## Provided information
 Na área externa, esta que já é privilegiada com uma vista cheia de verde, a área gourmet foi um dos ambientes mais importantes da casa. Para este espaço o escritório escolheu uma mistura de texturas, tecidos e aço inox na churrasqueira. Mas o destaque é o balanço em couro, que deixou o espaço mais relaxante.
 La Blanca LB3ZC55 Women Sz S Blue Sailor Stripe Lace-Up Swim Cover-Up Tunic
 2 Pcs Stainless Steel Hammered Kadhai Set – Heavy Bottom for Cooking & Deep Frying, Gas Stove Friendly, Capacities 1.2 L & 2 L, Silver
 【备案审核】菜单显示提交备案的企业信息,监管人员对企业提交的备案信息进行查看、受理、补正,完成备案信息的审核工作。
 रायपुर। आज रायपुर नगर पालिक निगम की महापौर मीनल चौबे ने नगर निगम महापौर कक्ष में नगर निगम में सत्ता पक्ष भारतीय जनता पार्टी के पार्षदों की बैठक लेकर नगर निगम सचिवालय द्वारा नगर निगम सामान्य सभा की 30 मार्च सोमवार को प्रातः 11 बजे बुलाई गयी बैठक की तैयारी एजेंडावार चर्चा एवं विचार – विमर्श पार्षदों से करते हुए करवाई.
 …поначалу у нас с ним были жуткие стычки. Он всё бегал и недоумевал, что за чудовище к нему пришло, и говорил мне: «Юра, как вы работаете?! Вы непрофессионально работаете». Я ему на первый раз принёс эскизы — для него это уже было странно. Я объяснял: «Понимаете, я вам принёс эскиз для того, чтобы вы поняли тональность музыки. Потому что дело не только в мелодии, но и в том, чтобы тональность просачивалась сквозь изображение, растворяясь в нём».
...
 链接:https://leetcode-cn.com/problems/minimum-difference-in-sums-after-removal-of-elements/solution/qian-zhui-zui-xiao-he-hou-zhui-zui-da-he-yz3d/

## Activity
What is needed is a verbatim copy of every line in the records above from the one containing "Na área externa, esta" down to the one containing "ним были жуткие", both included, and nothing more.

## Answer to this problem
 Na área externa, esta que já é privilegiada com uma vista cheia de verde, a área gourmet foi um dos ambientes mais importantes da casa. Para este espaço o escritório escolheu uma mistura de texturas, tecidos e aço inox na churrasqueira. Mas o destaque é o balanço em couro, que deixou o espaço mais relaxante.
 La Blanca LB3ZC55 Women Sz S Blue Sailor Stripe Lace-Up Swim Cover-Up Tunic
 2 Pcs Stainless Steel Hammered Kadhai Set – Heavy Bottom for Cooking & Deep Frying, Gas Stove Friendly, Capacities 1.2 L & 2 L, Silver
 【备案审核】菜单显示提交备案的企业信息,监管人员对企业提交的备案信息进行查看、受理、补正,完成备案信息的审核工作。
 रायपुर। आज रायपुर नगर पालिक निगम की महापौर मीनल चौबे ने नगर निगम महापौर कक्ष में नगर निगम में सत्ता पक्ष भारतीय जनता पार्टी के पार्षदों की बैठक लेकर नगर निगम सचिवालय द्वारा नगर निगम सामान्य सभा की 30 मार्च सोमवार को प्रातः 11 बजे बुलाई गयी बैठक की तैयारी एजेंडावार चर्चा एवं विचार – विमर्श पार्षदों से करते हुए करवाई.
 …поначалу у нас с ним были жуткие стычки. Он всё бегал и недоумевал, что за чудовище к нему пришло, и говорил мне: «Юра, как вы работаете?! Вы непрофессионально работаете». Я ему на первый раз принёс эскизы — для него это уже было странно. Я объяснял: «Понимаете, я вам принёс эскиз для того, чтобы вы поняли тональность музыки. Потому что дело не только в мелодии, но и в том, чтобы тональность просачивалась сквозь изображение, растворяясь в нём».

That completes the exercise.